The scientists think "three or five years after planting jatropha is too
short a time to expect commercialization. Are the processing plants
ready by that time?" Furthermore, they say there is a need to quickly
acquire the know-how "to accelerate the optimization of processing
raw oil into trans-esterified oil before it can be used as bio-diesel oil,
and processing of byproducts (press cake and/or glycerol) into high-
priced products be acquired soon."
Anyway, the message of the scientists to those who may have been
enticed by government press releases to get in the jatropha
bandwagon is for them to review the numbers. In fact, even
government should perhaps review their numbers too and not get
carried away by the fad-like enthusiasm for the plant. According to
the New York Times, "farmers in India are already expressing
frustration that after being encouraged to plant huge swaths of the
bush they have found no buyers for the seeds."

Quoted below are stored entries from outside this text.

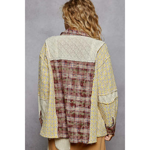 This stylish patchwork shirt features a unique combination of plaid and geometric patterns in warm earth tones. Made from a comfortable cotton blend fabric with mixed textures, this versatile piece offers a relaxed fit perfect for casual layering. The shirt showcases distinctive color blocking with burgundy plaid sections, cream geometric prints, and yellow accents. Its button-up design and long sleeves make it ideal for transitional weather, while the oversized silhouette ensures comfortable all-day wear. Perfect for creating effortless street style looks or adding a vintage-inspired touch to any outfit.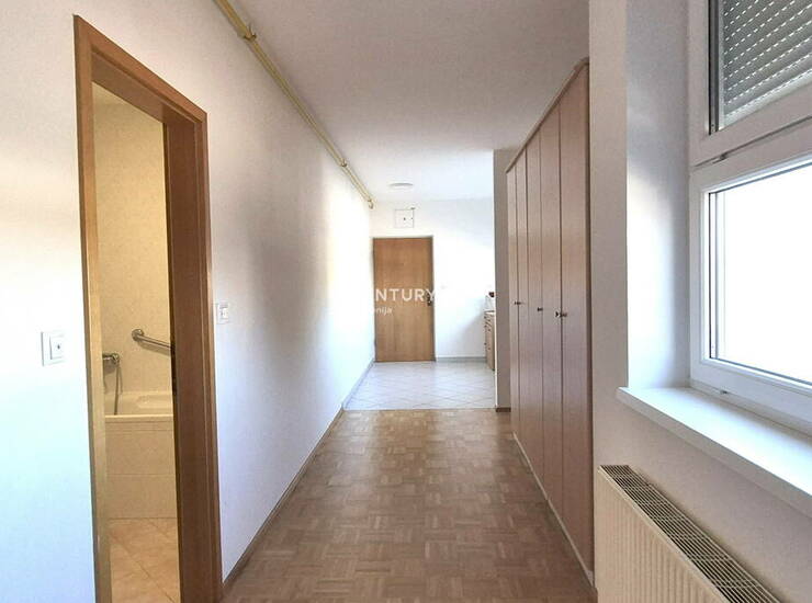 Na odlični lokaciji v Radvanju, tik pod Pohorjem, oddamo komfortno 4- sobno stanovanje s čudovitim razgledom, v 1. nadstropju večstanovanjskega objekta, zgrajenega v letu 2001. Objekt ima dvigalo in pripadajoče notranje parkirno mesto v podzemni garaži. 4- sobno stanovanje v skupni izmeri 114,7 m2 (od tega uporabne caa površine 101,7 m2) ima naslednjo razporeditev: Prostoren predprostor in hodnik Kopalnica Ločen WC Spalnica Osrednji prostor s kuhinjo, jedilnico in dnevno sobo, Spalnica 2 Otroška soba Balkon Shramba Tehnične lastnosti: prostore in sanitarno vodo ogreva lastna plinska peč ogrevala v stavbi so radiatorji, na katerih so nameščeni termostatski ventili okna so PVC, 2-slojna, senčenje z žaluzijami talne obloge: kombinacija keramike in parketa smiselna razporeditev prostorov Opremljana je kuhinja z gospodinjskimi aparati (indukcijska plošča, pečica, pomivalni stroj, napa, hladilnik in zmrzovalnik) in ostala notranja oprema razvidna iz fotodokumentacije razvidne iz oglasa. Ostalo si najemnik opremi po svojih željah in okusu. Kopalnica je opremljena s kopalniško opremo (brez pralnega stroja). V mesečni najem je vključeno pokrito parkirno mesta v garaži objekta. K mesečni najemnini so obračunavajo še mesečni tekoči stroški, ki so obračunani po dejanski porabi. Strošek rezervnega sklada je 27 EUR. Strošek upravnika je glede na število prijavljenih oseb. Plačilo varščine v višini 2 mesečnih najemnin. V stanovanju niso dovoljenje nobene domače živali, dolgoročni najem zgolj osebam z rednimi mesečnimi dohodki. Najemnik plača izvedbo primopredaje in sestavo primopredajnega zapisnika, prepis naročnin in pripravo gradiva v višini ene mesečne najemnine, to je 1.000 EUR + DDV. Pogodba se izvede v obliki notarskega zapisa na strošek lastnika. Stanovanje je možno prevzeti takoj. Opomba: Nakup stanovanja ni mogoč.
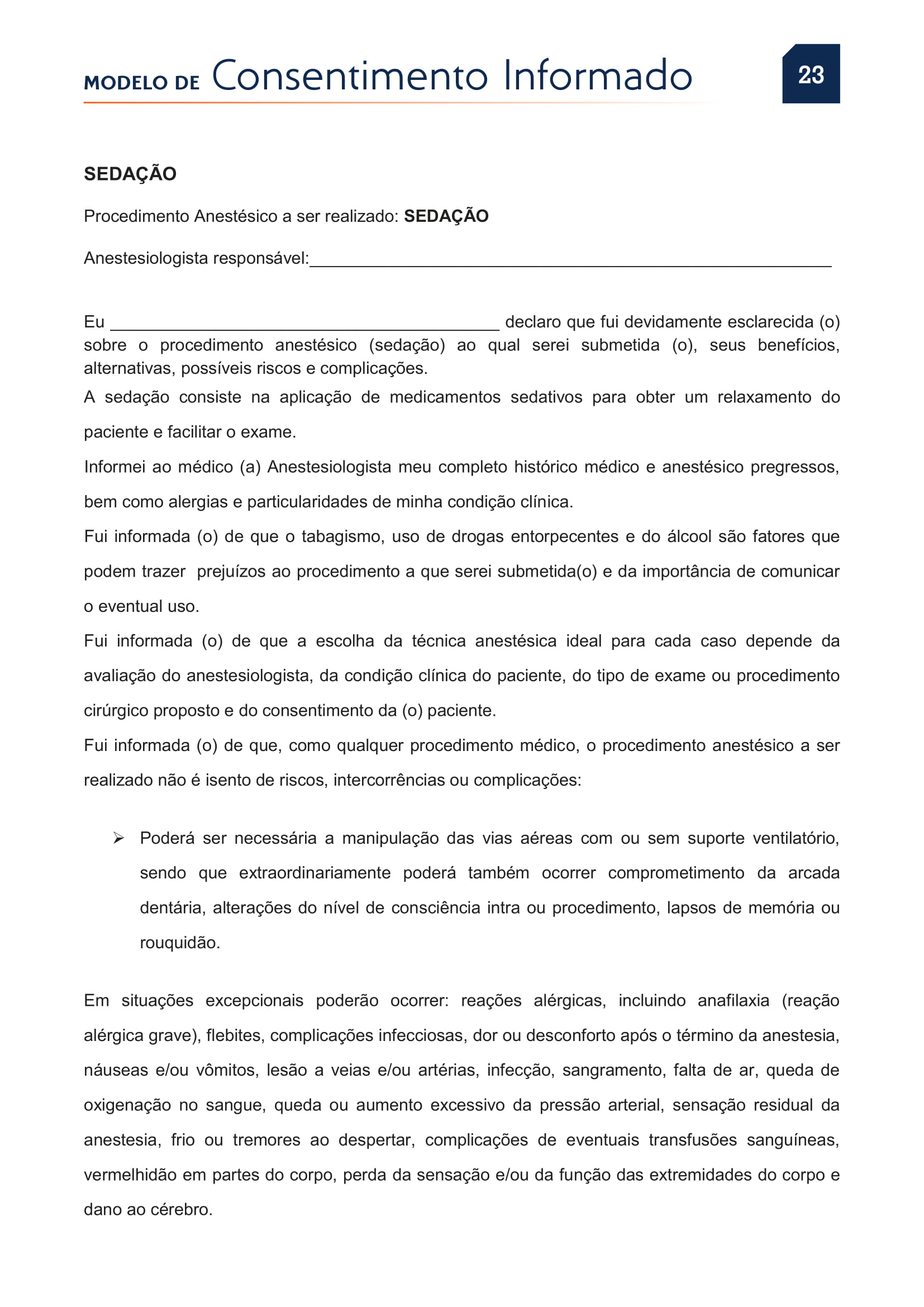 PDF de Consentimentos Informados sobre Sedação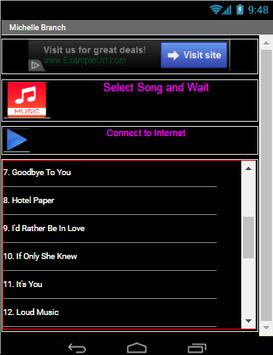 This is a streaming online music app who content of full song of MICHELLE BRANCH. In this application user doesn't allow to download mp3, just hearing the song by online streaming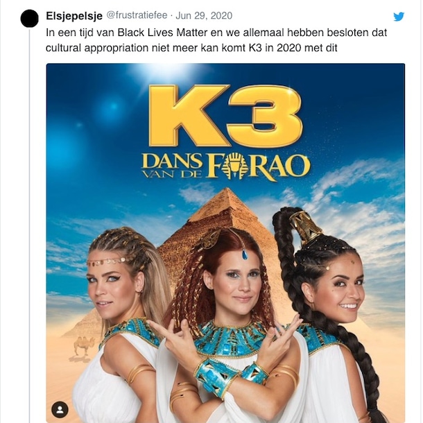Dans van de Farao zou de volgende K3-filmhit moeten worden, maar Studio 100 zal zich nu wel eventjes achter de oren krabben. Hanne, Marthe en Klaasje dragen namelijk traditionele Egyptische kostuums, compleet met opgemaakte ogen en gevlochten haren die daarbij passen. 'In een tijd van Black Lives Matter en we allemaal hebben besloten dat cultural appropriation niet meer kan, komt K3 in 2020 met dít?' vraagt één twitteraar zich hardop af.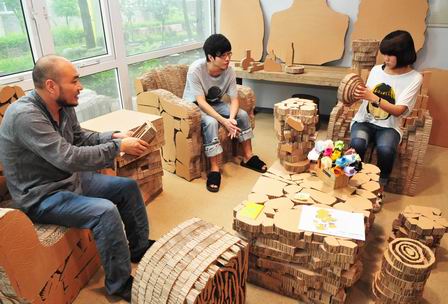 图为创意导师向学生展示用纸板做成的家具。王增芳 傅祖栋 摄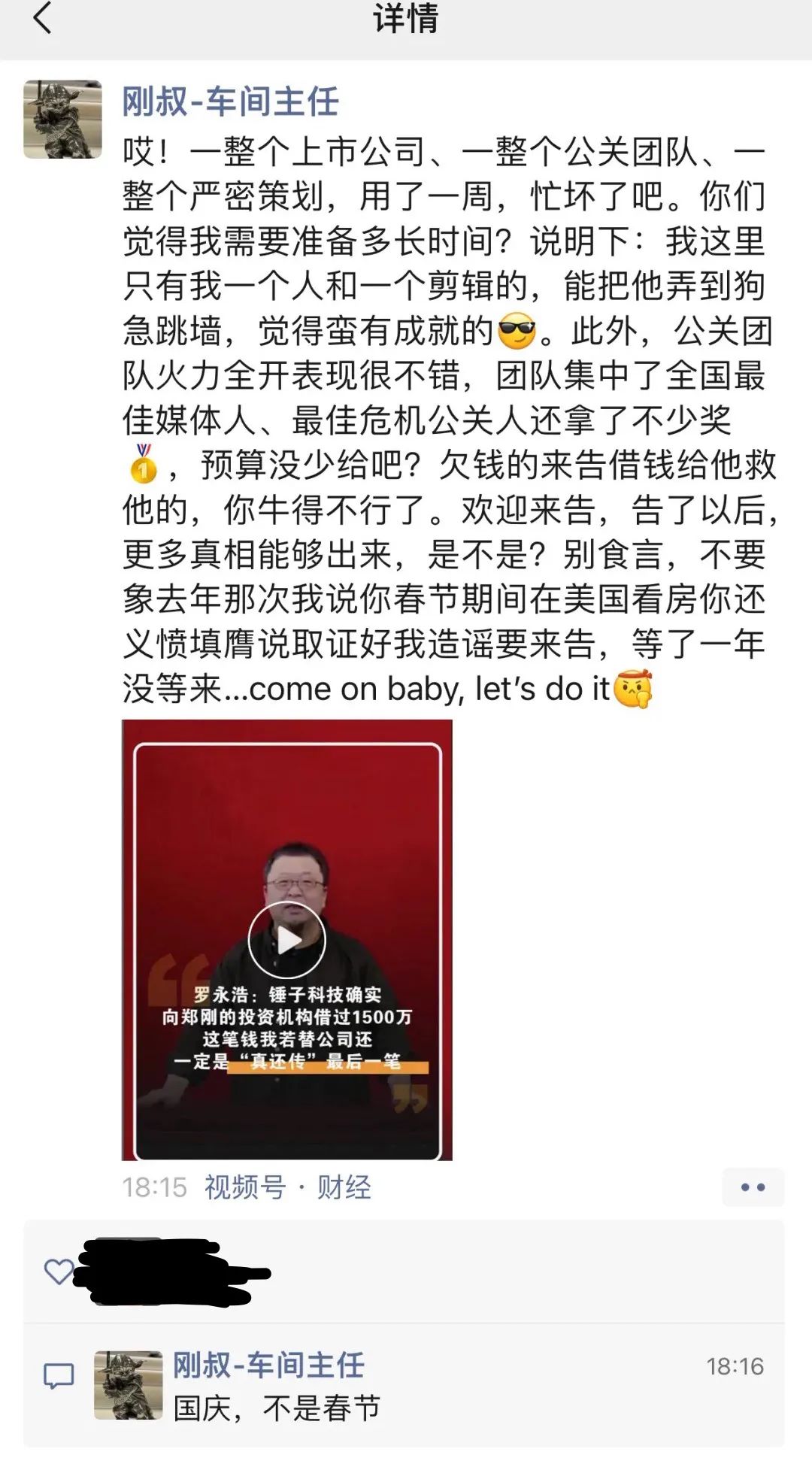 “当郑刚联系锤子科技要求还款时,我觉得又好气又好笑,就让同事答复他:如果你要谈朋友感情,那我就个人掏腰包替锤子科技公司还你们公司这笔钱,但既然谈朋友感情,你就不能跟我耍无赖,在明明有白字黑字条款的情况下还打流氓官司逼我回购,也不能天天在网上辱骂我;如果你要跟我不谈朋友感情,一切公事公办,那公对公的借款,就不要让我个人替公司还款,这才叫公事公办。”罗永浩表示。

While it is right to invest some money in finding out more about the
plant, it is another thing altogether to throw money into it as if it is a
proven thing. As it is, government is ready to invest billions of pesos
in setting up plantations and processing plants probably without
realizing that the promise of jatropha is still to be proven anywhere
in the world. The folks at PNOC Alternative Fuels Corp. should crunch
their numbers well and proceed only with their eyes fully open to the
possibility that jatropha may not live up to the hype.